§ **Work request**:
Your reply should consist only of the lines from the one with "KDDIの方をゲストティーチ" through the end of the entries, transcribed exactly. Pictures stay out.

Collected data:
---
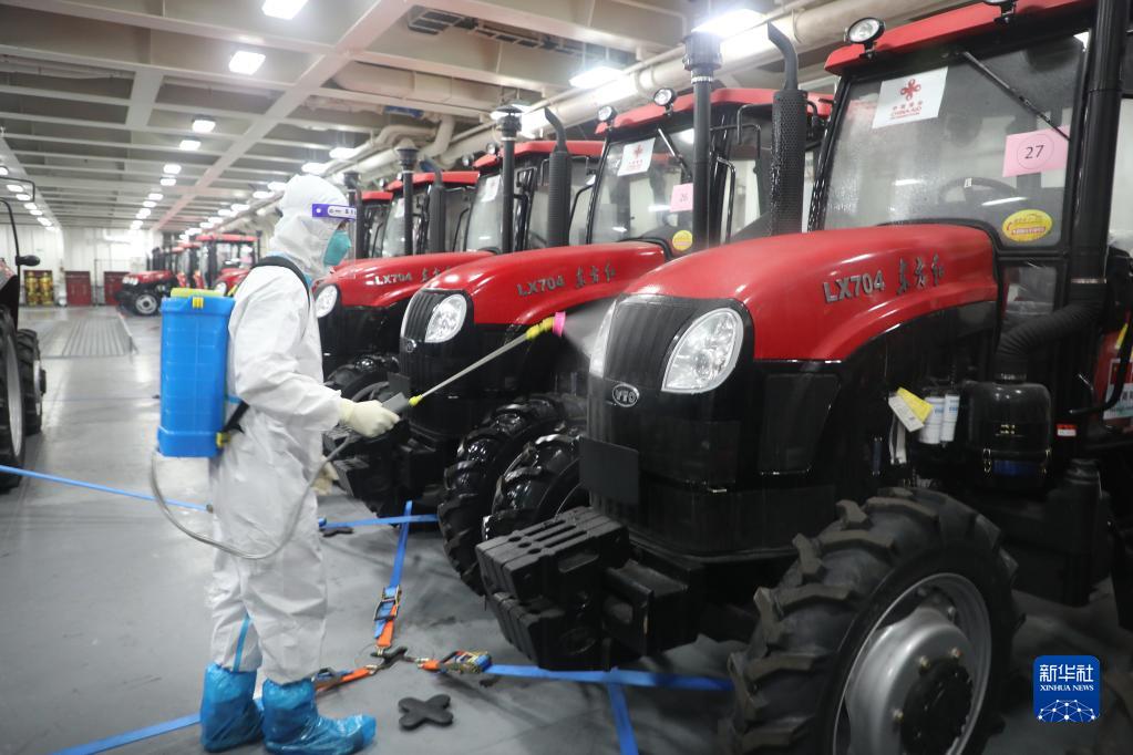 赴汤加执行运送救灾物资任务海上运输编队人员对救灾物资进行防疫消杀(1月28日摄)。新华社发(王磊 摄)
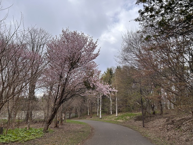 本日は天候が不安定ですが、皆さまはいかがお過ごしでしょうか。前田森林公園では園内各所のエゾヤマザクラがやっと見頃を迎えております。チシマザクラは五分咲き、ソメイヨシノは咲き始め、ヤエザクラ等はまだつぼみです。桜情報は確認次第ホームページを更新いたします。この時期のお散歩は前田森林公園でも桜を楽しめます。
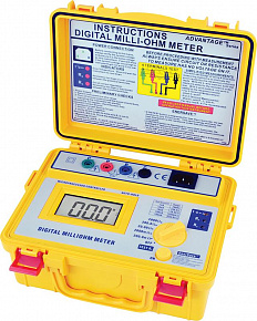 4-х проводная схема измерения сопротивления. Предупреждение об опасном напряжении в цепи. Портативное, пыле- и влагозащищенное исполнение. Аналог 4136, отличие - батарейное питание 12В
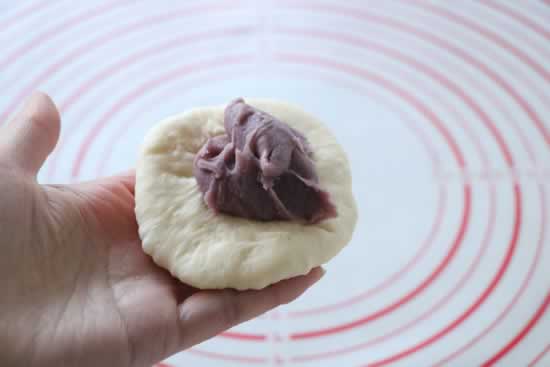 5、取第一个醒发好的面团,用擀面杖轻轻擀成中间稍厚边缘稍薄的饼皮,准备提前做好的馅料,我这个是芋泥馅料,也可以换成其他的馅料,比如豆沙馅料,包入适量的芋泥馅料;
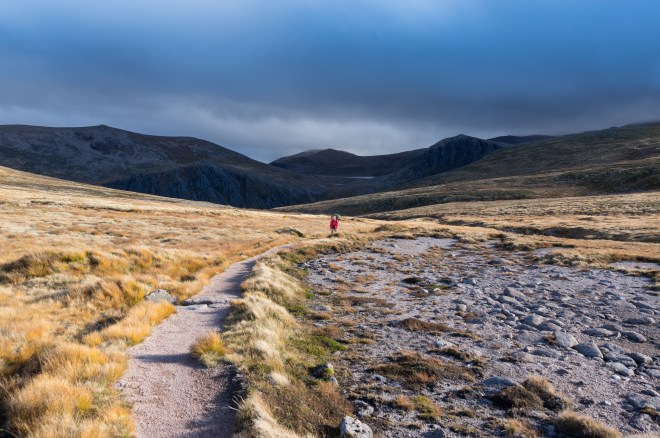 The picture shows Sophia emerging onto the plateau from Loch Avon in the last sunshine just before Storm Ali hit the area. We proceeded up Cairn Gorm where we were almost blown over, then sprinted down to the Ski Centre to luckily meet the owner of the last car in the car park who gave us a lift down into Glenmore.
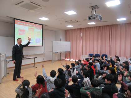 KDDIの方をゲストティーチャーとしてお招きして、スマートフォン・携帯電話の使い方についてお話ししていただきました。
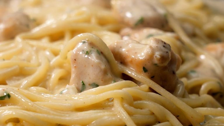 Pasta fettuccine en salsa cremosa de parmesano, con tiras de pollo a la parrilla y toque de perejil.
---
§ **Your response**:
 KDDIの方をゲストティーチャーとしてお招きして、スマートフォン・携帯電話の使い方についてお話ししていただきました。
 Pasta fettuccine en salsa cremosa de parmesano, con tiras de pollo a la parrilla y toque de perejil.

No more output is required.